There is also the question of who is practicing and when they are practicing?
Where is the boundary of your life and work, and where does this blur? Alex and Stefanie both discussed wanting to draw a clear distinction between their life and their work where possible.  Of course, they carry values of inclusion into their life, for example, but they don’t wish to over focus on elements of their practice during everyday activities.  Whereas, as a facilitator, I consider myself to have a listening practice and so consider this often when with family, friends or even on the bus!

Therefore, as a facilitator I had to be cautious when considering offers for developing a practice.  If reading is developing the practice, it must take place in the space, not through taking a book home to a rest space. If conversation is the practice – when does it end?

We often worked into the night over dinner and resumed over breakfast – despite offers to eat alone or discuss other things. This is because we are all curious about the work, and each other, with conversations quickly looping back to questions we have remembered or sharing things we forgot to mention. Or, we were often joined by other artists and practitioners for meals – are these things work or are they not? It is blurry, but also clear.

This is work related to developing the practice – and so perhaps we all needed to be more active in seeking rest. However, it feels somewhat luxurious to be eating good meals with good people so, for someone who has been cultured to believe work should be hard, it can be tricky to establish these boundaries.  What are the edges of our practice(s)?

There is also the question of how our practice(s) are interpreted by others.

In my practice(s) as a facilitator, I thrive on arranging the space, washing the cups and making meals. These activities quieten my busy mind, help me think more clearly and offer me perspective by using my body in a different way. I am neurodivergent, I need the rhythm of these practicalities to feel grounded.

Yet, these practices are frequently questioned?
Is this my role?
What expectation am I setting for others?

Ultimately, I see my role to be creating the space for others to breathe, explore and feel safe being provoked. It is my opinion that safety cannot be explored without a full belly and an organised space! I don’t think this reflects on the practice(s) of anyone else but there is still a layer of – should you be doing this when people see me sweeping up. Or worse, a layer of guilt from those who are used to doing the sweeping!

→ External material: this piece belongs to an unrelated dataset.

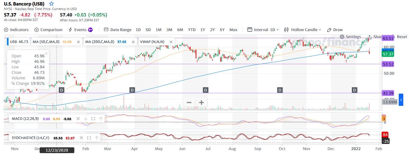 one day does not define life and neither will 1 quarter's marginal miss. Putting together strong earnings, a strong balance sheet and good cash flow, USB remains a sound investment. At the closing price of $57.37 (as per the end of 19 Jan 2022 trading day), it is considered "undervalued" with Intrinsic value at about $62+/-from the sources. This may be one of the few opportunities we use to invest in a good bank before the coming interest rates increase.

It’s funny how practice(s) are measured. Often, I laugh to myself because I think part of my practice is critical thinking (which is exactly what I am doing whilst I do the seemingly mundane jobs listed above) but then I think ‘who do I think I am I, expecting to be paid to be some kind of philosopher?’.

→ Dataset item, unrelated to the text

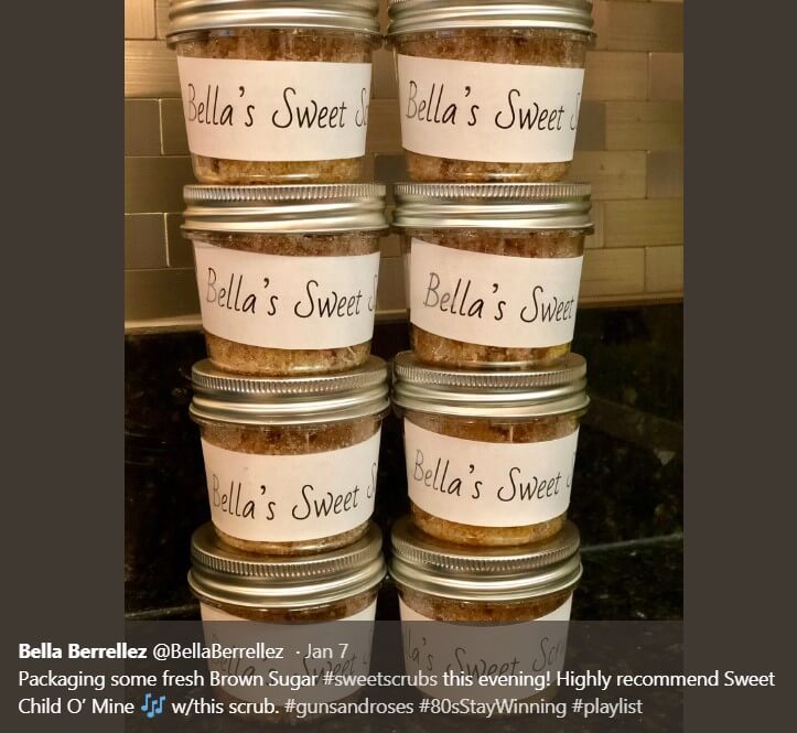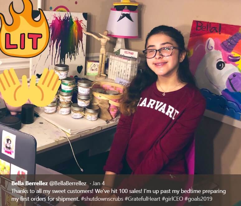 Белла запустила проект Bella Sweet Scrubs, готовя скрабы по рецепту, который придумала и опробовала вместе с мамой. Девочка начала с продажи скрабов соседям и друзьям, и теперь у нее есть собственный магазин, откуда она отправляет косметическое средство клиентам по всей стране.

And this brings me back to class and practice.
Critical thinking is a defined and eloquent practice.
Washing the dishes is one of the practices that I know I can do.

Washing the dished is more embodied, more tangible and, although it repeats regularly, it has a natural end point. Reducing the big thing to something smaller removes the judgment I have about using a language I did not grow up around. I do not feel equipped to measure and I am not interested in measuring my effectiveness as a critical thinker, but I can share some thoughts I had when I was washing the dishes and seek clearer thoughts the next time I’m washing up!

This approach is more than applicable to community dance practice(s). What is the simple thing we do that enables something more? How can we focus more on the simple when the bullshit alarm starts to ring or when the scale of things becomes overwhelming? And, how can it be articulated by those who run development programmes that this simple thing is more than enough, recognising that the luxury of having a ‘practice’ is not a language familiar or comfortable to all.